▶ **Given information**:
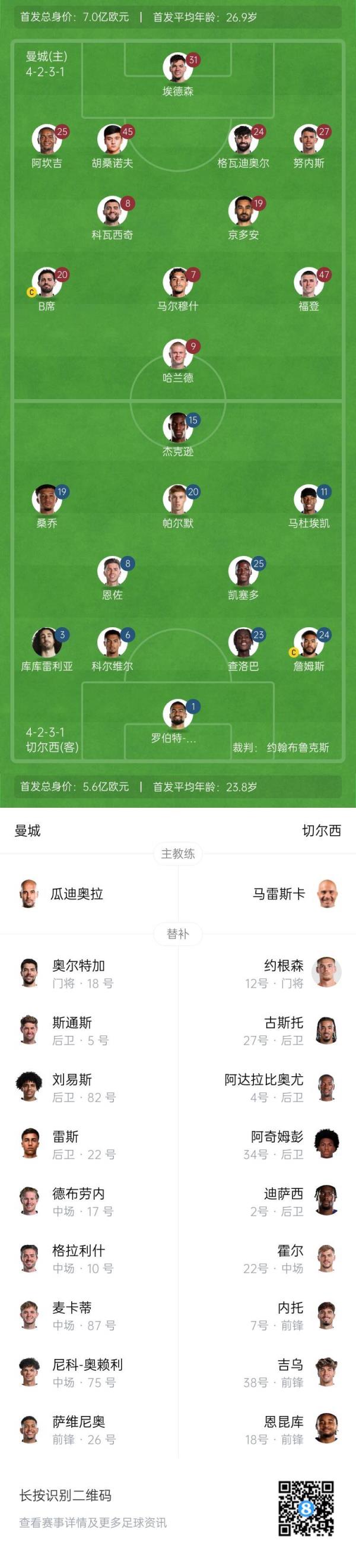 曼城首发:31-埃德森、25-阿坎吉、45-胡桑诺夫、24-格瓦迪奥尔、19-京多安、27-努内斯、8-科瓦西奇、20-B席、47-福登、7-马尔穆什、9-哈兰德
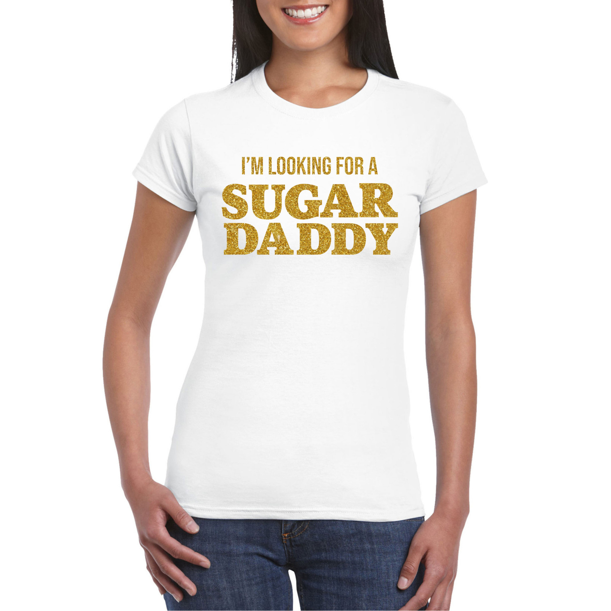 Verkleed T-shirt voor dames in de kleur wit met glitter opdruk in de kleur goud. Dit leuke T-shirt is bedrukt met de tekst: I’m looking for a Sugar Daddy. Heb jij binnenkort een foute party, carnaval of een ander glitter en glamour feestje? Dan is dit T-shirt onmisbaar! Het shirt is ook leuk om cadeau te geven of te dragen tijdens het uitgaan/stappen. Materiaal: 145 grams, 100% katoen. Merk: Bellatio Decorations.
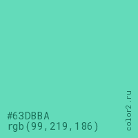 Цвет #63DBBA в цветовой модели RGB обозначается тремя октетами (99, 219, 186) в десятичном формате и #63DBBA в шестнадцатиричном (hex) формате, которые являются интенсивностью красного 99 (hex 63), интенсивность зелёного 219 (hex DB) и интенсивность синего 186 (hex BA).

==

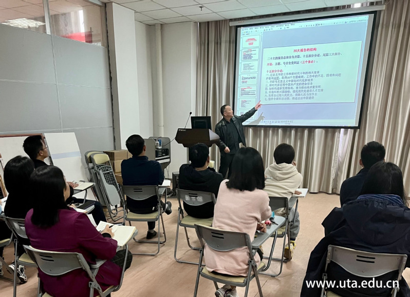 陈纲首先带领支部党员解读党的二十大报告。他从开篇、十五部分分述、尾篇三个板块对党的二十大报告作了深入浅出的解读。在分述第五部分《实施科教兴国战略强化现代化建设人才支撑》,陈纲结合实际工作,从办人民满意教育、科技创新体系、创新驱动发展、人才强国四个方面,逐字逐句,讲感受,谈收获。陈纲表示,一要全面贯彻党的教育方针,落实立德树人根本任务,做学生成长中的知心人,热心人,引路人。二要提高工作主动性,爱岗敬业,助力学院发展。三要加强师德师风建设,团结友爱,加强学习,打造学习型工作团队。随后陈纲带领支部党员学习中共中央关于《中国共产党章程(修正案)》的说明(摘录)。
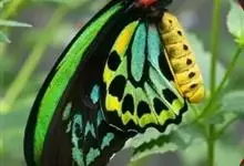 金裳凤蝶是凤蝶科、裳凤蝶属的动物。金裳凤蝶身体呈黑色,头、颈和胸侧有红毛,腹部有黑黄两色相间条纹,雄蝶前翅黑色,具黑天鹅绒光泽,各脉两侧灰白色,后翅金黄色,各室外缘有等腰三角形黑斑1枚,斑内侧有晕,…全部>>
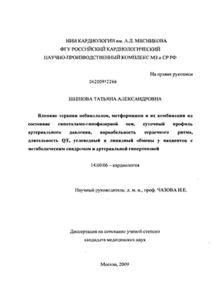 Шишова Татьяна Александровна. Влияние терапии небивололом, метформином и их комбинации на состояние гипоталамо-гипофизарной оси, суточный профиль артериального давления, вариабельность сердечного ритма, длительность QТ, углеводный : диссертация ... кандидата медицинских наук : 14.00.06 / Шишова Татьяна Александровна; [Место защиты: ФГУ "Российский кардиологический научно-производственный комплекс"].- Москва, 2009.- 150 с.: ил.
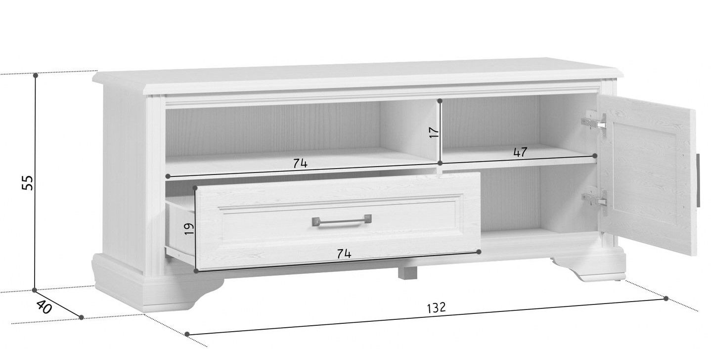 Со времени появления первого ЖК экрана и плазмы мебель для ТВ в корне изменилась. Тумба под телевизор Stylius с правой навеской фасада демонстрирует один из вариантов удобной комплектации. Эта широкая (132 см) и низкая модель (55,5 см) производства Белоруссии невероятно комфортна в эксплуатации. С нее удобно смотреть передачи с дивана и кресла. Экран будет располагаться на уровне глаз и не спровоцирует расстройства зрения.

▶ **Prompt**: Give back exactly the lines above from the one with "曼城首发:31-埃德森、25" through the one with "Цвет #63DBBA в", both included. Pictures don't belong in the copy.

▶ **Answer below**:
 曼城首发:31-埃德森、25-阿坎吉、45-胡桑诺夫、24-格瓦迪奥尔、19-京多安、27-努内斯、8-科瓦西奇、20-B席、47-福登、7-马尔穆什、9-哈兰德
 Verkleed T-shirt voor dames in de kleur wit met glitter opdruk in de kleur goud. Dit leuke T-shirt is bedrukt met de tekst: I’m looking for a Sugar Daddy. Heb jij binnenkort een foute party, carnaval of een ander glitter en glamour feestje? Dan is dit T-shirt onmisbaar! Het shirt is ook leuk om cadeau te geven of te dragen tijdens het uitgaan/stappen. Materiaal: 145 grams, 100% katoen. Merk: Bellatio Decorations.
 Цвет #63DBBA в цветовой модели RGB обозначается тремя октетами (99, 219, 186) в десятичном формате и #63DBBA в шестнадцатиричном (hex) формате, которые являются интенсивностью красного 99 (hex 63), интенсивность зелёного 219 (hex DB) и интенсивность синего 186 (hex BA).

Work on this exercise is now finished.